Row at religious place

Preventing entry of SC women in temple raises concern

Caste prejudices came to the fore when a group of people belonging to an upper caste tried to stop Scheduled Caste women from entering a temple in Sihash village of Rewari district in Haryana. The police had to intervene to allow them inside. The dispute arose over the organising of langar as thanksgiving for a wish fulfilment. In a throwback to the ancient times when rules of commensality was characteristic of caste taboos, men from the upper caste opposed the event and even took away the langar. Though police presence ensured that things did not go out of hand and the event passed off peacefully, the incident raises concern with the Mirchpur incident having taken place earlier in Haryana which led to an exodus of Dalit families from the village. Atrocities by dominant castes against the weaker sections of society have been a constant feature of post-Independent India with caste carnage taking place in Laxmanpur Bathe and Bathani Tola of Bihar. Incidents of caste-based discrimination and clashes have also been reported from other states like Rajasthan, Uttar Pradesh and Punjab. 

While the avowed aim of the makers of the Constitution was to do away with caste-based discrimination in the long run, the caste system has ironically become a vehicle of empowerment as the political parties base their electoral arithmetic on it to swing the verdict in their favour. Constituencies and candidates are selected mostly on the basis of these criteria, helping to perpetuate a system that originally came in place to facilitate functional interdependence but ended up creating a system of inequality that also entailed grave injustice at the hands of those who held the reins of power.
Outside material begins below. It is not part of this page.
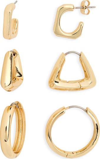 Switch up your hoop rotation thrice with this set of gleaming hoop earrings in various geometric silhouettes for fluid shine.
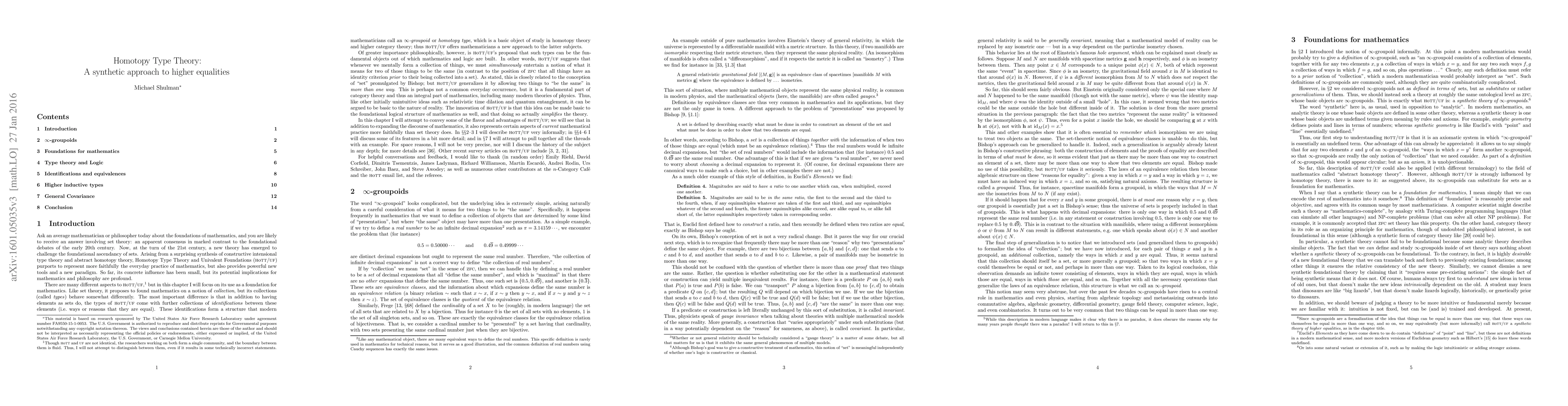 Summary: This chapter introduces Homotopy Type Theory and Univalent Foundations, providing a synthetic approach to higher equalities for philosophers, emphasizing the connections between type theory and homotopy theory in the context of mathematical foundations.

The Sabarimala temple in Kerala also prohibits the entry of women belonging to a particular age group and there were protests after the Supreme Court ruled that the restrictions violated the Constitution. 

Religion is mostly about inner belief and sanctity. Beliefs get modified with time and so should attitudes, especially to the weaker sections. Haryana is no stranger to caste violence and crime against women and the state should guard against it spiralling out of hand.